Use simple_parsing for convert_format cli command.

fineguy · The TensorFlow Datasets Authors · commit 44239d85006b · 2025-08-07T00:59:55.000-07:00
PiperOrigin-RevId: 792034867
diff --git a/tensorflow_datasets/scripts/cli/convert_format.py b/tensorflow_datasets/scripts/cli/convert_format.py
@@ -26,94 +26,74 @@
 """
 
 import argparse
-from collections.abc import Sequence
+import dataclasses
+import typing
 
 from etils import epath
+import simple_parsing
 from tensorflow_datasets.core import file_adapters
 from tensorflow_datasets.scripts.cli import convert_format_utils
 
 
-def add_parser_arguments(parser: argparse.ArgumentParser) -> None:
-  """Add arguments for `convert_format` subparser."""
-  parser.add_argument(
-      '--root_data_dir',
-      type=str,
-      help=(
-          'Root data dir that contains all datasets. All datasets and all their'
-          ' configs and versions that are in this folder will be converted.'
-      ),
-      required=False,
-  )
-  parser.add_argument(
-      '--dataset_dir',
-      type=str,
-      help=(
-          'Path where the dataset to be converted is located. Converts all'
-          ' configs and versions in this folder.'
-      ),
-      required=False,
-  )
-  parser.add_argument(
-      '--dataset_version_dir',
-      type=str,
-      help=(
-          'Path where the dataset to be converted is located. Should include'
-          ' config and version. Can also be a comma-separated list of paths. If'
-          ' multiple paths are specified, `--out_dir` should not be specified,'
-          ' since each dataset will be converted in the same directory as the'
-          ' input dataset.'
-      ),
-      required=False,
-  )
-  parser.add_argument(
-      '--out_file_format',
-      type=str,
-      choices=[file_format.value for file_format in file_adapters.FileFormat],
-      help='File format to convert the dataset to.',
-      required=True,
-  )
-  parser.add_argument(
-      '--out_dir',
-      type=str,
-      help=(
-          'Path where the converted dataset will be stored. Should include the'
-          ' config and version, e.g. `/data/dataset_name/config/1.2.3`. If not'
-          ' specified, the converted shards will be stored in the same'
-          ' directory as the input dataset.'
-      ),
-      default='',
-      required=False,
-  )
-  parser.add_argument(
-      '--overwrite',
-      action='store_true',
-      help='Whether to overwrite the output directory if it already exists.',
-  )
-  parser.add_argument(
-      '--use_beam',
-      action='store_true',
-      help='Use beam to convert the dataset.',
-  )
-  parser.add_argument(
-      '--num_workers',
-      type=int,
-      default=8,
-      help=(
-          'Number of workers to use when not using Beam. If `--use_beam` is'
-          ' set, this flag is ignored. If `--num_workers=1`, the conversion'
-          ' will be done sequentially.'
-      ),
+@dataclasses.dataclass(frozen=True, kw_only=True)
+class Args:
+  """CLI arguments for converting datasets from one file format to another.
+
+  Attributes:
+    root_data_dir: Root data dir that contains all datasets. All datasets and
+      all their configs and versions that are in this folder will be converted.

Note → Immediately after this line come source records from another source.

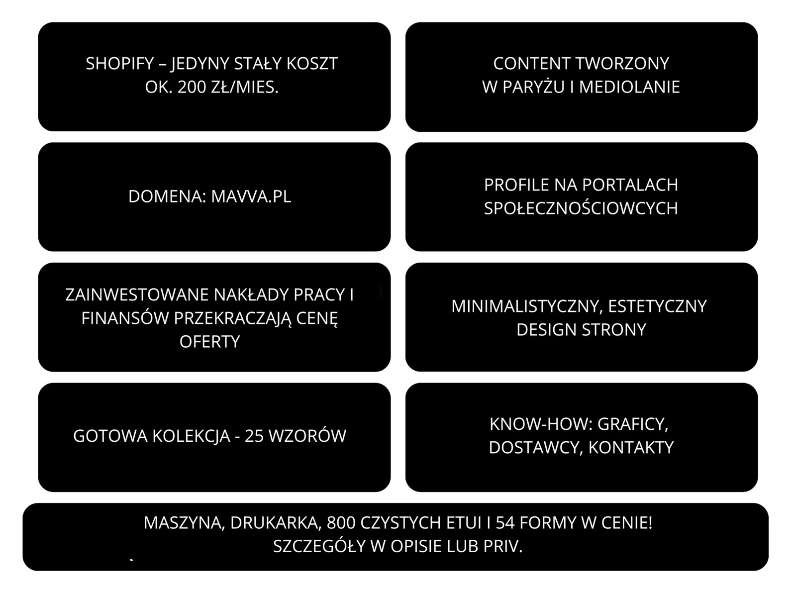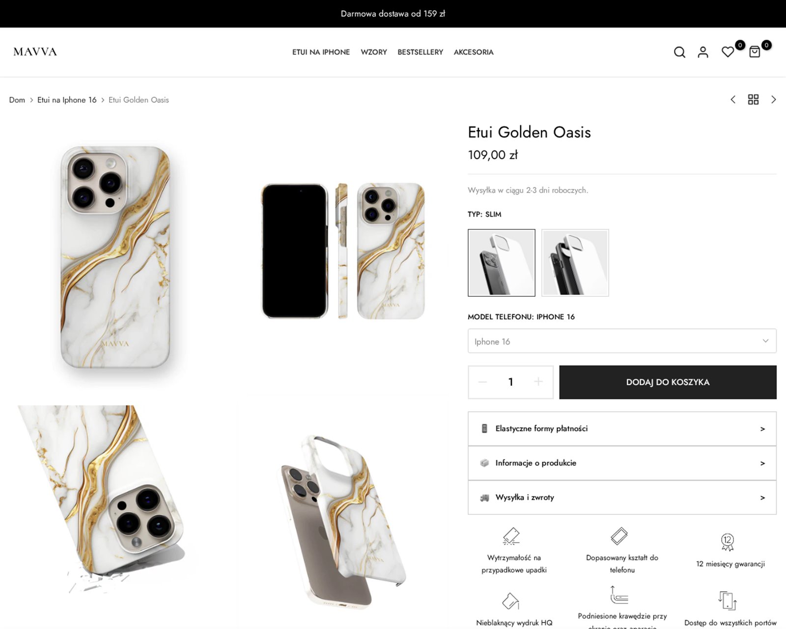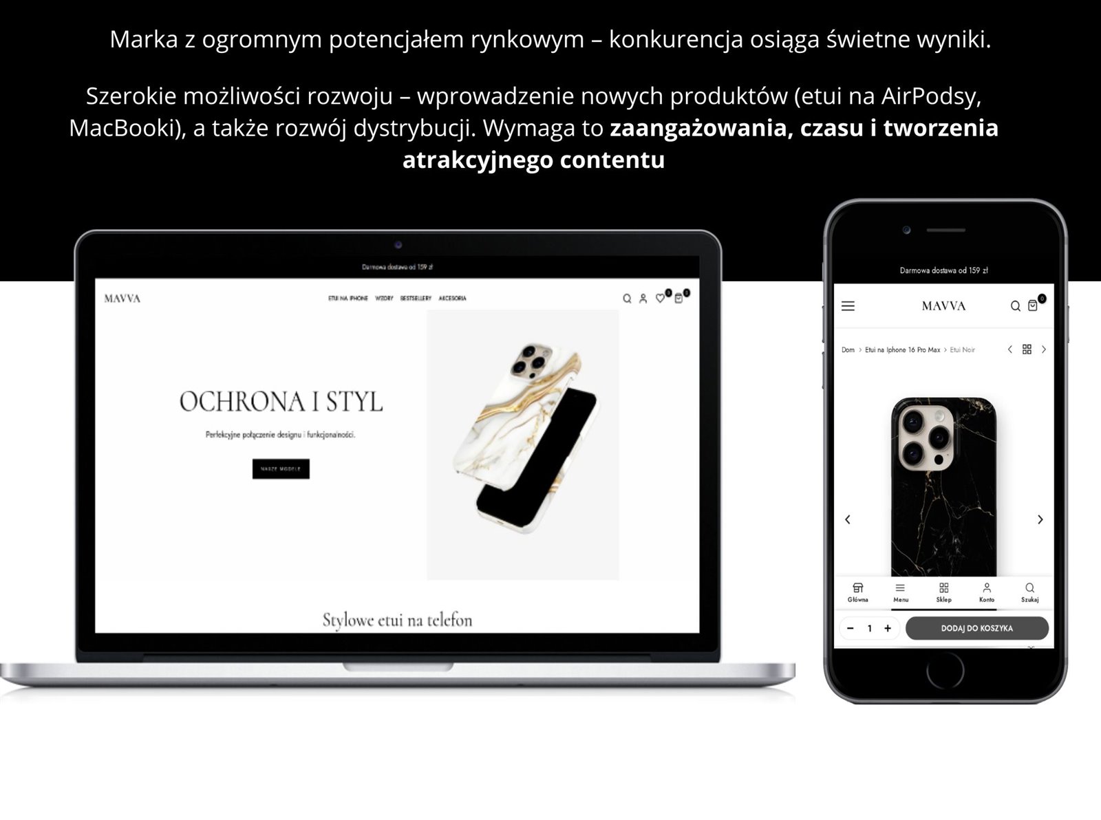Oferuję gotowy sklep internetowy MAVVA.PL, specjalizujący się w sprzedaży wysokomarżowych etui na telefony. Sklep działa na renomowanej platformie Shopify, co zapewnia łatwą obsługę i skalowalność.
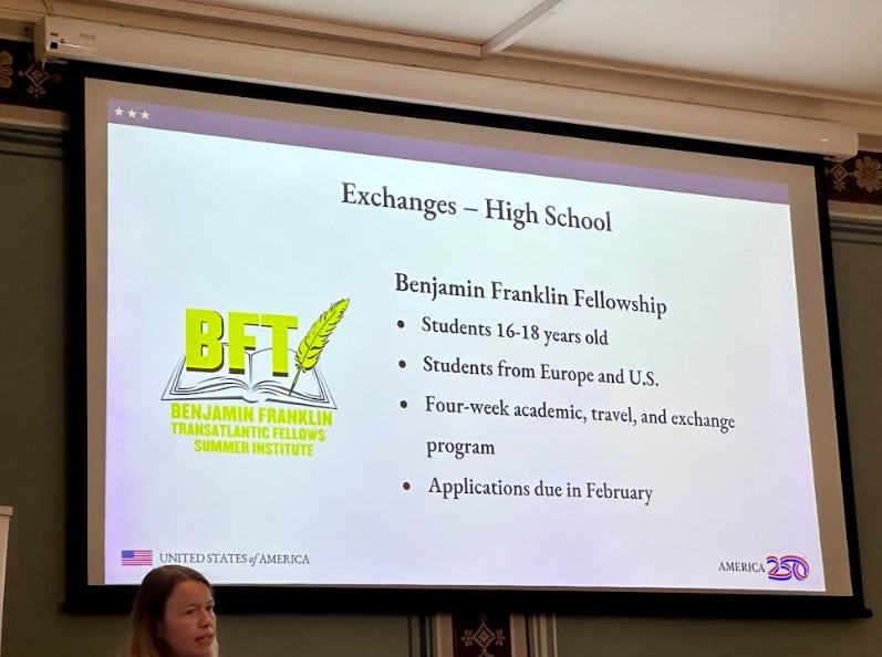 Dne 9. prosince navštívili studenti 3.G a 3.H Americké centrum na Malé Straně. Dozvěděli se, co obnáší práce diplomata i jaké jsou možnosti získání stipendia pro studium na amerických středních i vysokých školách nebo výměnného programu sponzorovaného Ministerstvem zahraničí USA.
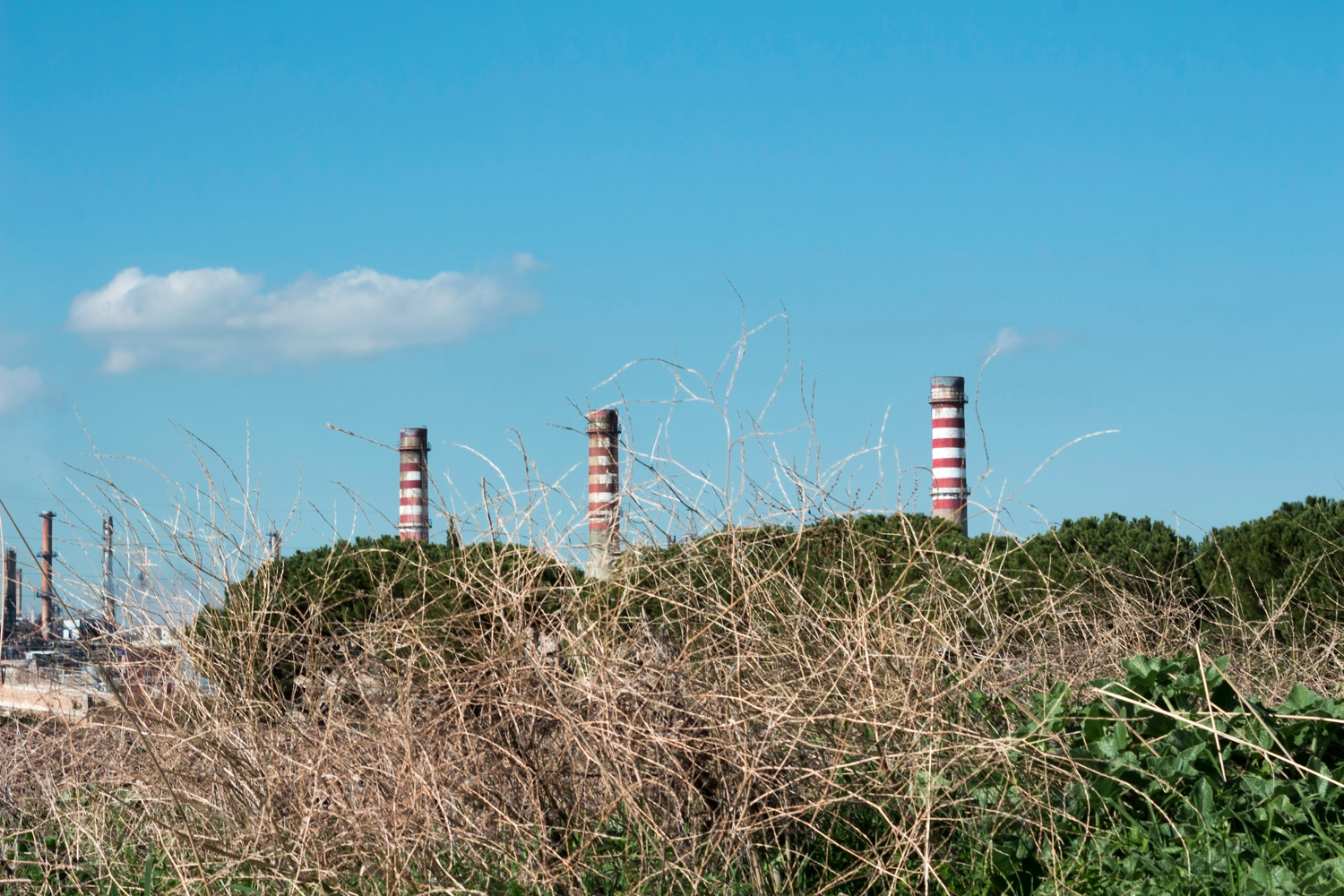 Foto scattata nei dintorni di Priolo con Canon 700D e obiettivo 18-55 mm. Priolo è uno dei comuni della provincia di Siracusa in Sicilia in cui negli anni 50 è stata costruita una grande raffineria di petrolio, successivamente nascono stabilimenti per la produzione di prodotti chimici e di materie plastiche, è dunque una delle città facente parte del polo petrolchimico siracusano più grande d’Europa. Se per certi versi ha portato dei vantaggi alla regione siciliana, dando lavoro a moltissime persone, dall’altra parte ha causato una serie di problemi ecologici come l’inquinamento delle falde acquifere e problemi di salute come tumori e bambini nati con gravi malformazioni.
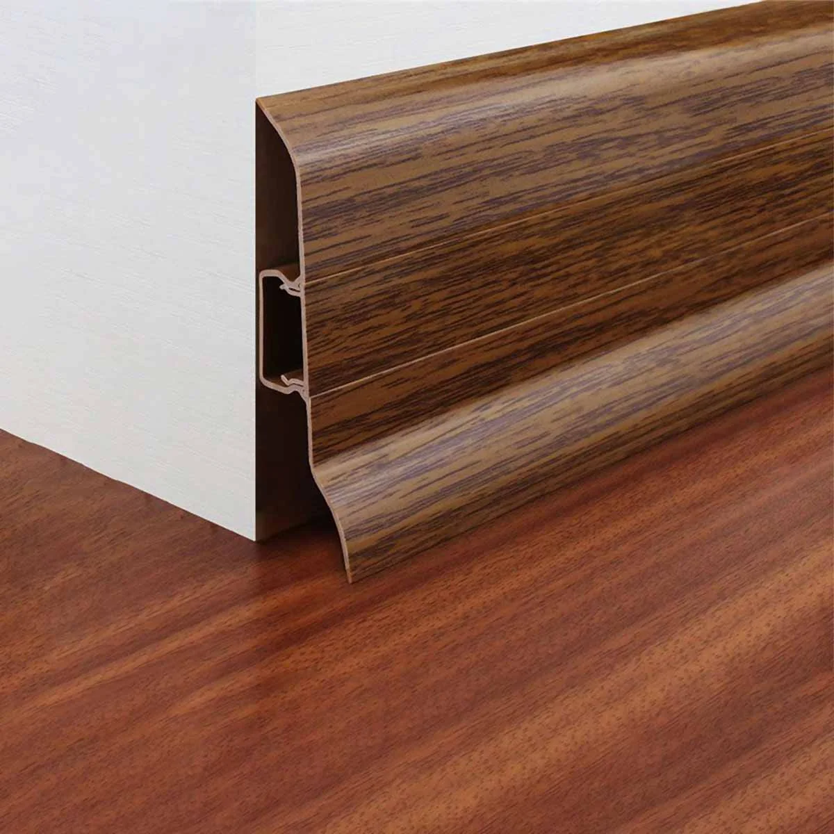 Dekorativna PVC Apollo cokla 595 Koristi se za spoj podnih i zidnih površina. Izradjena je od kvalitetne PVC mase koja na sebi ima utisnut dezen. Cokla na svojim krajevima, kojima se oslanja na pod i zid, ima meki silikonski deo koji se prilagođava svim neravninama i ne dozvoljava prolaz tečnosti. Spoj poda i zida sa ovim profilom omogućava vrlo lako održavanje prostora po najsavremenijim standardima. Kao što se vidi na slikama, PVC APOLLO cokla 595 ima mogućnost sakrivanja kablova. Dužina PVC APOLLO cokle 595 je 2,5m. * Cena se odnosi na 1 komad profila.
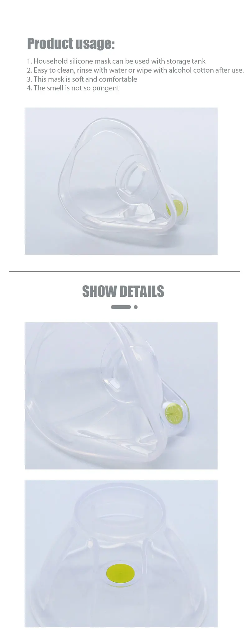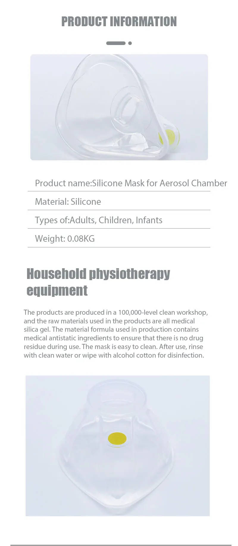 Quick details Place of Origin: Zhejiang, China Features: Household physiotherapy equipment Material: Medical grade Silicone Application: For local administration on the patient's body surface and natural cavity Packaging: PE packaging Product name: Silicone Mask Features: The aerosol chamber is used to help People suffering from respiratory diseases Such as chronic bronchitis, paralysis of the larynx or tracheal collapse
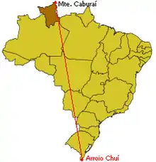 Com base em dados oficiais, é correto afirmar que os pontos extremos norte e sul do Brasil são o monte Caburaí, em Roraima, e o arroio Chuí (que encontra-se no município de Santa Vitória do Palmar e não no município do Chuí), no Rio Grande do Sul, corrigindo portanto a conhecida expressão "do Oiapoque ao Chuí", que foi provavelmente criada para se referir aos corpos d'água mais ao norte e mais ao sul do Brasil, levando-se em conta o ponto de vista costeiro.
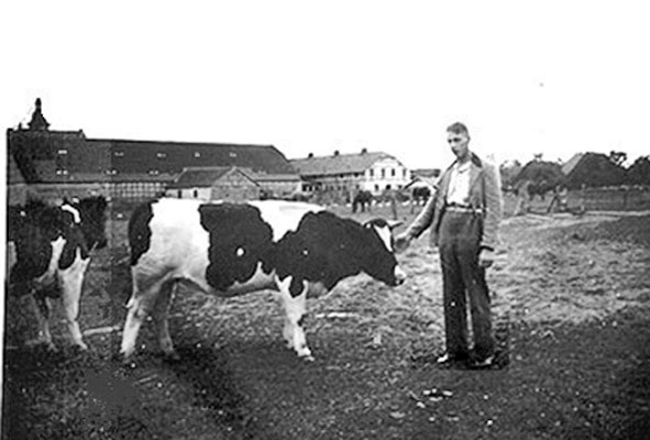 Nordansicht des Rittergutes 1938. Im Vordergrund Melkermeister Ulrich Schuster, Thüringer Landesmeister im Leistungsmelken 1938 u. 1940. Er kam 1933 von der Melkerschule Kempten auf das Rittergut Oberpöllnitz.
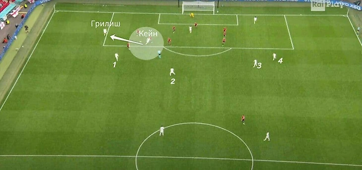 За Кейном вышли игроки Чехии, но Кейн сумел отдать пас обратно на Грилиша, хоть и стоял спиной. Кстати, посмотрите, теперь на подборе 4 игрока у англичан и 2 центральных защитника ниже:
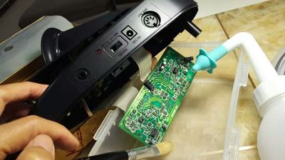 后来,联系了远在大洋彼岸的胞弟,建议大胆用水清洗。无奈之下,用他指点的方法,用洗洁精和自来水重点清洗CPU、贴片IC、排线接头……,然后用电吹风吹干,接通电源后,一切恢复正常!通常认为电子产品是最忌讳水的,现在却是水焕发了它的活力!真可谓“水可覆舟,亦可载舟”啊!
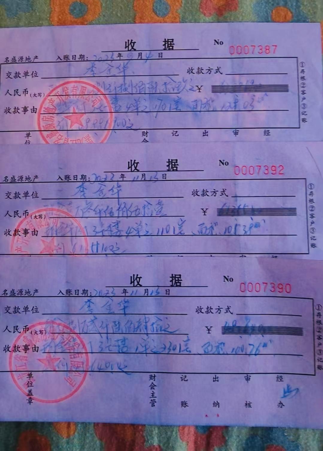 ▲李金华在铂金华府三套房屋的购房款收据
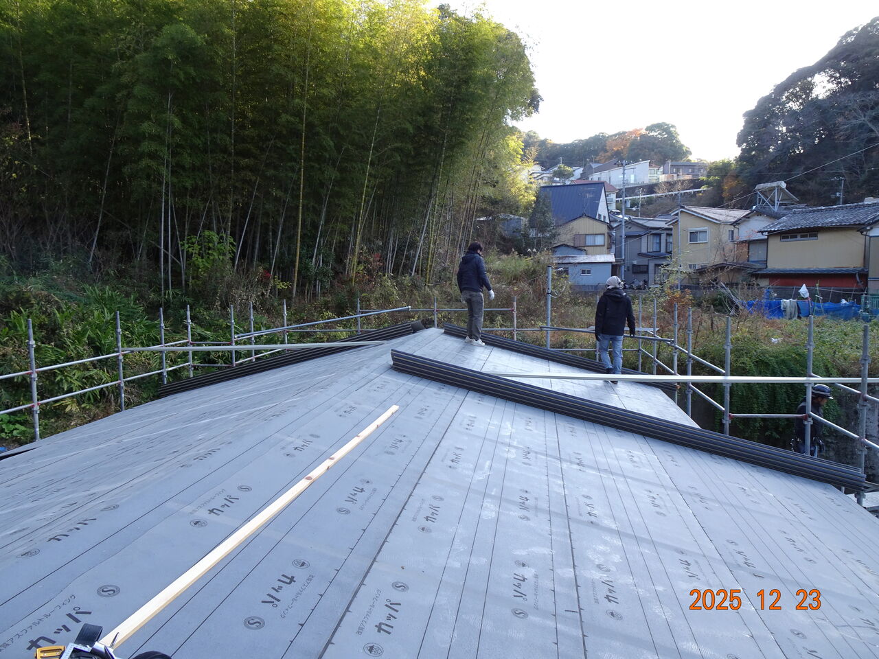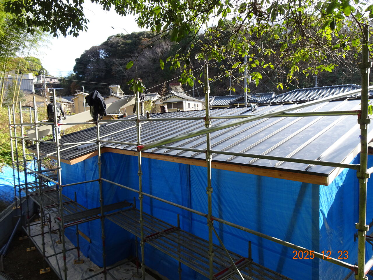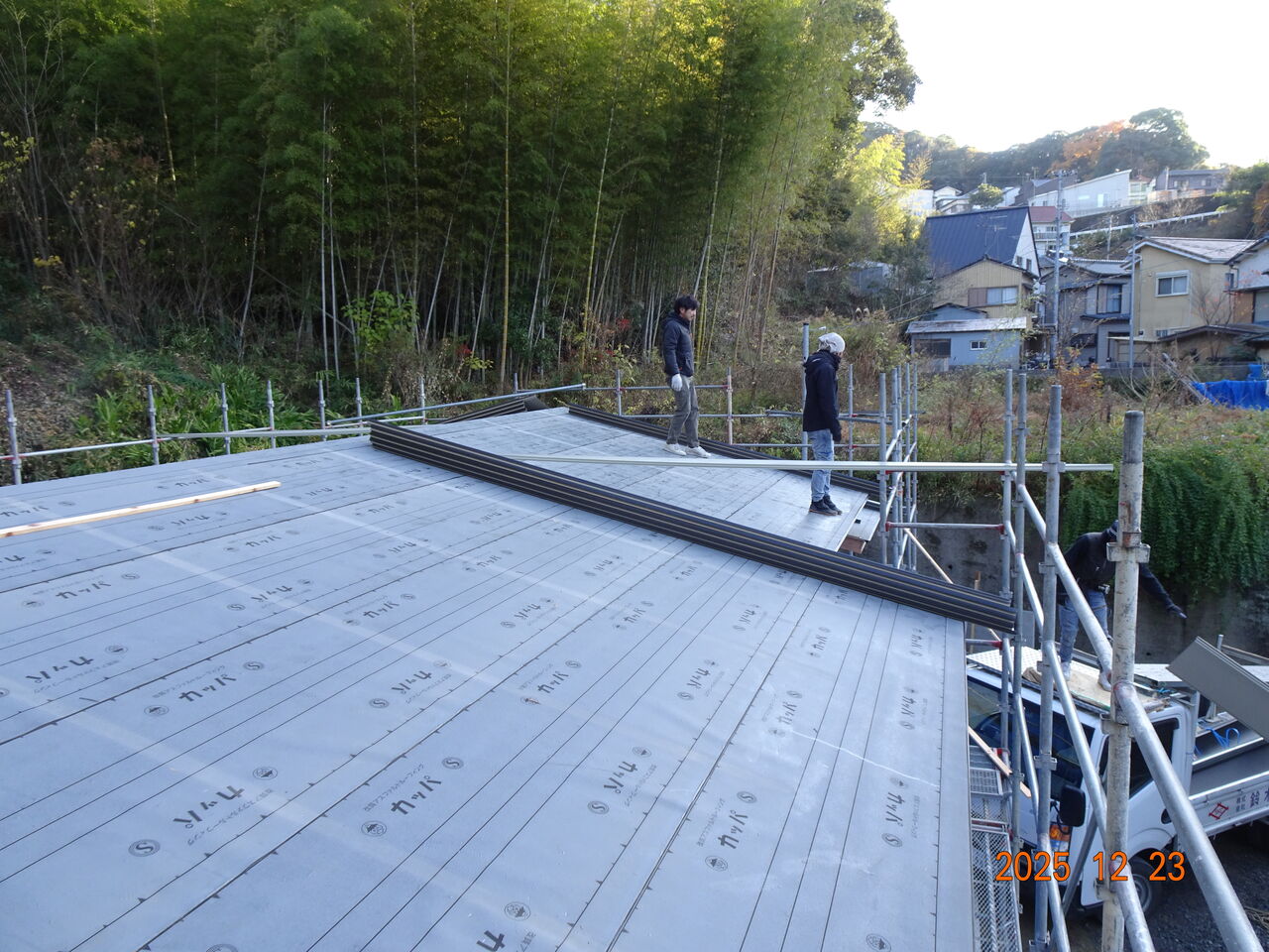 夕方になって又寒くなってきました朝も寒いですが夕方から先も寒いですね予定通り新築工事現場で屋根葺き工事を行いましたお昼の段階でこんな感じでした残ったら明日仕舞に来るという事でした先ほどlineが来て「屋根工事完了しました」との事でした若い職人さんが大勢いたので仕事早いですね明日は朝から設備工事を予定しています朝は全く陽ざしが無い現場なので、せめて気温が高いと有難いですがでは皆様、本日も一日お疲れ様でした 人気ブログランキング ↖バナーをポチッとお願いします
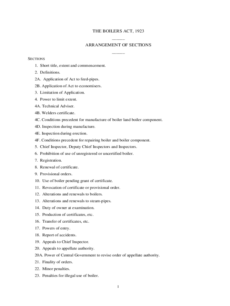 Get the free THE BOILERS ACT, 1923 ARRANGEMENT OF SECTIONS
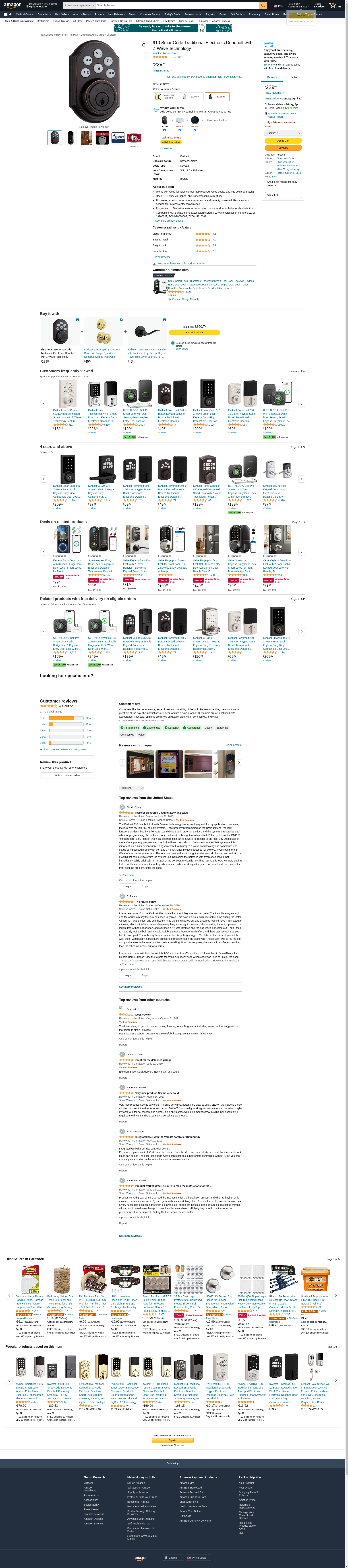910 SmartCode Traditional Electronic Deadbolt with Z-Wave Technology
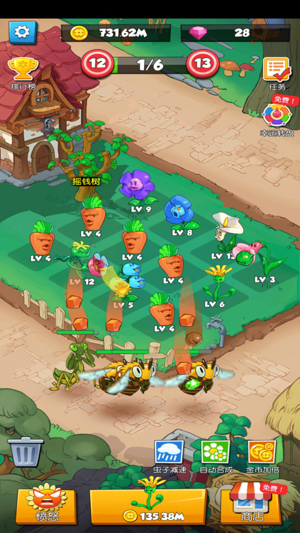 面对强大的害虫入侵时,可以激活怒气系统,让所有花朵在短时间内攻击力翻倍。这个关键时刻的爆发系统为游戏增添了更多策略性,合理使用可以扭转战局,成功抵御害虫的猛烈进攻。
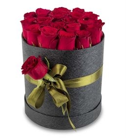 Siyah Silindir Kutu İçerisinde Kırmızı Güller

+    dataset_dir: Path where the dataset to be converted is located. Converts all
+      configs and versions in this folder.
+    dataset_version_dir: Path where the dataset to be converted is located.
+      Should include config and version. Can also be a comma-separated list of
+      paths. If multiple paths are specified, `--out_dir` should not be
+      specified, since each dataset will be converted in the same directory as
+      the input dataset.
+    out_file_format: File format to convert the dataset to.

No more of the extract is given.